Does this suggest that Glenturret is crossing the Rubicon from niche whisky to an international lifestyle brand? Laurie insists that production levels will remain relatively low, not least because one distinction for Glenturret is that it’s made by hand. He also concedes health and safety regulations have meant some changes. (“We were the last distillery to physically mix the barley and water of the mash with a big stick — literally — but the people who do that end up with all sorts of shoulder injuries.”) But Lalique, Wyss and Laurie have very consciously chosen not to introduce the kind of computerized mechanization that could double or triple output, even though the cash is now there to do so.
“Whether you can taste that Glenturret is handmade, well, probably not,” admits Laurie. “But when you know something is made by an artisan — whether it’s a watch, leather goods or a whisky — it gives the product a romance that consumers really enjoy. Is that just marketing? I can only say it’s something I really value. And the fact is that there are already plenty of lifestyle brands in this industry that just happen to make whisky, whereas I think first and foremost the priority has to be putting exceptional liquid in a bottle. Otherwise, people try you once and don’t come back.”
Not that a fancy bottle is out of the question. Indeed, Lalique is well placed to provide very fancy bottles (they’ve done it with tequila) and inevitably some cut glass has started to sparkle in the Scottish mists: Glenturret has presented the first of four new Highland single malt whiskies in just 105 handblown decanters, with another decanter project (in collaboration with an unnamed artist) in the pipeline for next year. Back in December a one-off single malt, Uaine, bottled in a jade green crystal decanter, sold at Sotheby’s for $35,000.
But Laurie is reluctant to move too far from whisky’s bedrock — its fundamental provenance, its connection to the land — in search of the kind of lifestyle novelties that, he argues, have muddied the waters for other spirits.

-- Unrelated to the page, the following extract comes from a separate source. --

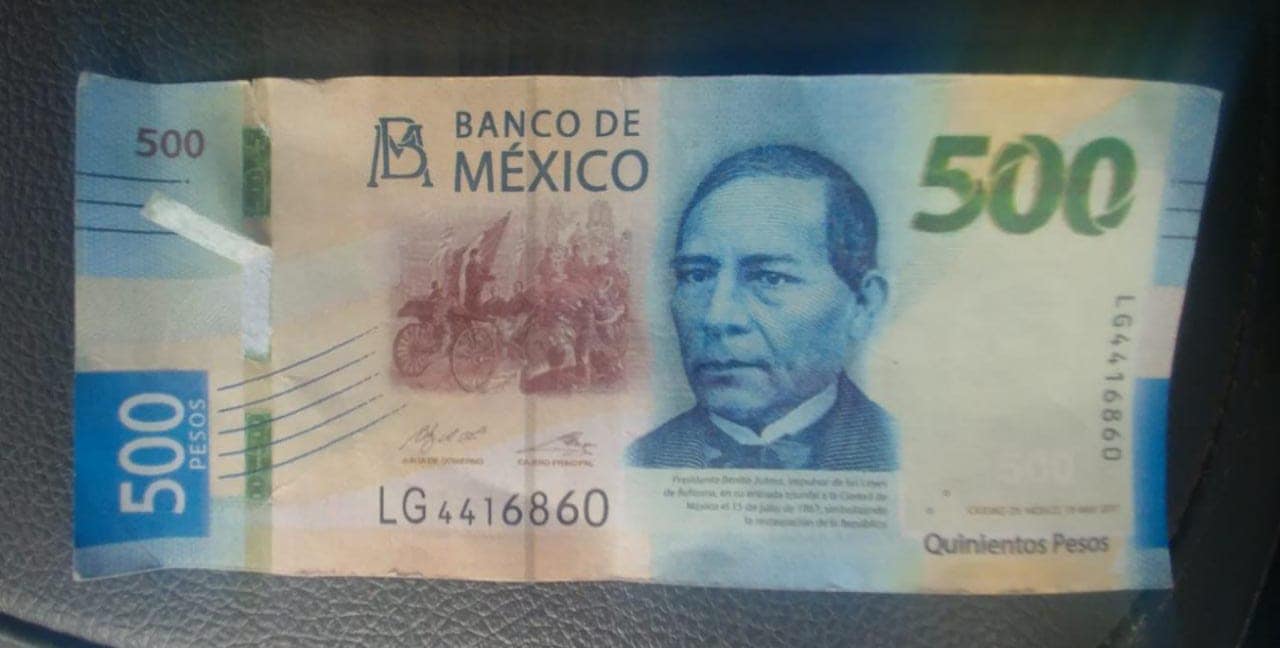 El reportante mostró a los agentes un billete de 500 pesos con número de serie LG4416860, el cual efectivamente se confirmó que era falso, indicando que dicho billete lo obtuvo el día 27 del mes anterior en una sucursal bancaria cuando acudió a cobrar su pensión.

“Look at what’s happened with gin, for example. That’s got very messy, such that it’s very hard for consumers to have any brand loyalty now,” he says. “Do you need 10 botanicals or 50? Do you need so many different flavors? There’s too much choice and so much confusion, and I think we’ll start to see some consolidation in that market now. Whisky can’t be going down that road.”

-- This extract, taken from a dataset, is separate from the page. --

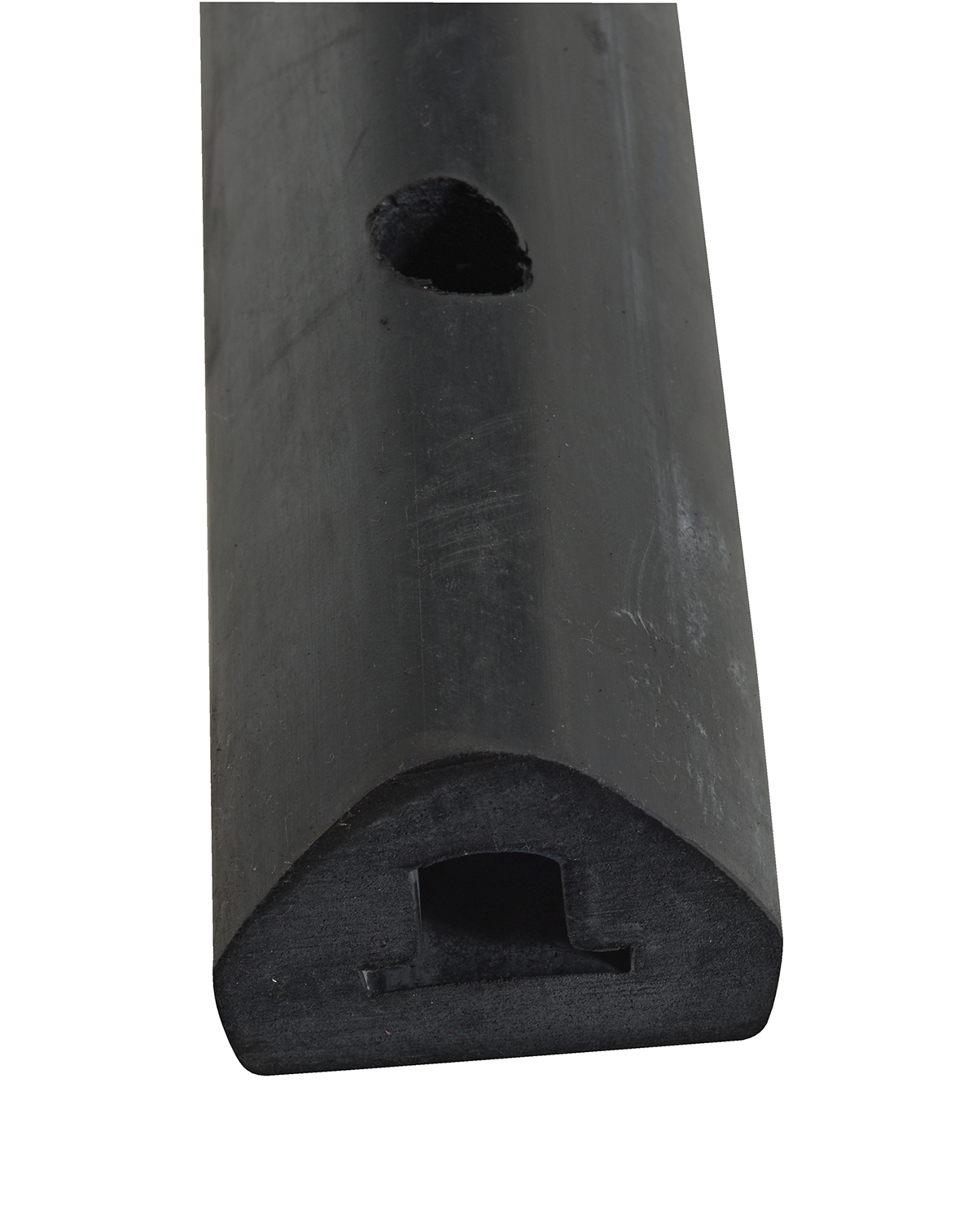 Made of all weather and abrasion resistant rubber. The half-oval shape allows for effective fendering action over a wide radius. A metal plate is located inside 4" and 6" projection bumpers for support while the 2" unit comes with one washer per hole. 120" models do not include holes or support material. 120" long bumpers run longer in order to be cut to final length. Custom lengths available up to 10 feet. Installation hardware sold separately.

What it can do with, however, is an underscoring of its authenticity, so that it continues to appeal to what Laurie says is a rapidly changing global consumer and, essentially for a product long associated with old dufferdom, a younger one too. So there will be no pipers on the labels, no shortbread tins, no stereotyped visions of Scotland more at home in Highlander or Braveheart.
“New generations are looking for a whisky that’s genuine,” he reckons. “They’re more agile with their palates and want to drink different whiskies on different occasions too. On some days they want a more bourbon-influenced drink and on others they’ll be having more of peat mood.”

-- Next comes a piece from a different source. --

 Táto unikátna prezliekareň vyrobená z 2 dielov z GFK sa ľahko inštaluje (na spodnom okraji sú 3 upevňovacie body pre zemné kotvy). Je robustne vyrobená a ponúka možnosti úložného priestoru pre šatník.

Glenturret is now introducing up to 14 new whiskies every year. But as for the peat? That may be on its way out as whisky producers increasingly come under the hyper-critical lens of sustainability. The use of peat as a natural marshland resource is coming under fire, Laurie says, even for a relatively minimal peat-user like Glenturret. So the pressure is on to find some kind of sustainable peat replacement.
“Though you know what will happen — you can bet that that will only drive up demand for the last of the real peat-based stock,” he adds. “That’s the thing about whiskey, people want the real deal.”